Ces attaques sont souvent précédées de menaces liées au refus de payer la zakat ou à des accusations de collaboration avec l’armée du Niger. Les rescapés déplorent un manque de réactivité des forces de défense malgré des alertes répétées.

Durcissement contre l’opposition et les voix critiques

La situation de Mohamed Bazoum reste préoccupante. Détenu au palais présidentiel de Niamey, il est privé de contact avec ses conseils juridiques. Malgré une décision des Nations Unies qualifiant sa détention d’arbitraire, la junte a levé son immunité pour engager des poursuites. Parallèlement, des dizaines de personnalités politiques restent emprisonnées sans garantie de procès équitable.

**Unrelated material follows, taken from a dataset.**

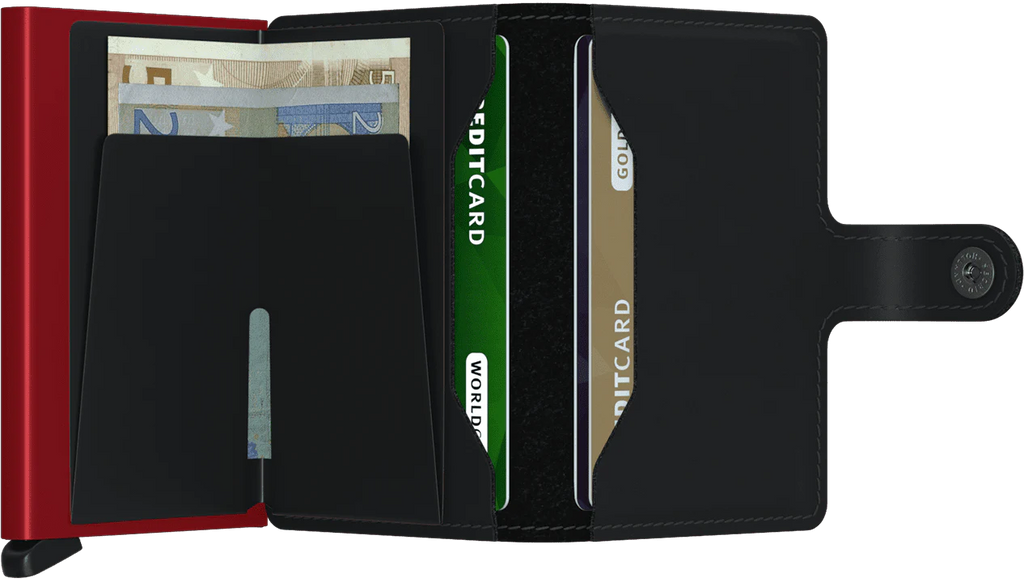 Small in size and surprisingly large in storage capacity, the Miniwallet combines the best of both worlds. The exterior holds banknotes, receipt and cards, while the aluminium Cardprotector allows you to slide out cards with one simple motion and protects them from bending, breaking and unwanted wireless communication.
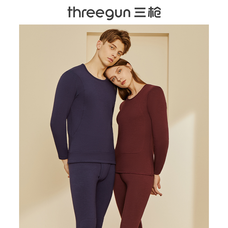 三枪羊毛蚕丝保暖内衣男加绒加厚护膝贴块棉毛衫裤女秋衣秋裤秋冬

Le cas de Moussa Tiangari, figure majeure de la société civile, est emblématique. Arrêté en décembre 2024, il est poursuivi pour complot contre l’État et risque la peine capitale. Sa détention provisoire se poursuit à Niamey, malgré les multiples recours de ses avocats dénonçant une affaire politique.

Atteintes aux libertés de la presse et d’association

Le journalisme est devenu une profession à haut risque au Niger. Les arrestations et le harcèlement ont poussé de nombreux rédacteurs vers l’autocensure. En début d’année, la chaîne Canal 3 TV a subi une suspension temporaire après des critiques visant l’action gouvernementale.

Dans le domaine humanitaire, le Comité international de la Croix-Rouge a été contraint de cesser ses activités et de quitter le territoire en février 2025. En mai, trois journalistes de la radio Sahara FM à Agadez ont été interpellés pour avoir diffusé des informations sur la coopération militaire internationale.

Enfin, le droit du travail a été frappé par la dissolution de quatre syndicats de la justice en août. Cette mesure, dénoncée comme une atteinte grave à l’indépendance judiciaire, a provoqué une grève générale de deux jours à l’appel du barreau du Niger et des organisations de travailleurs.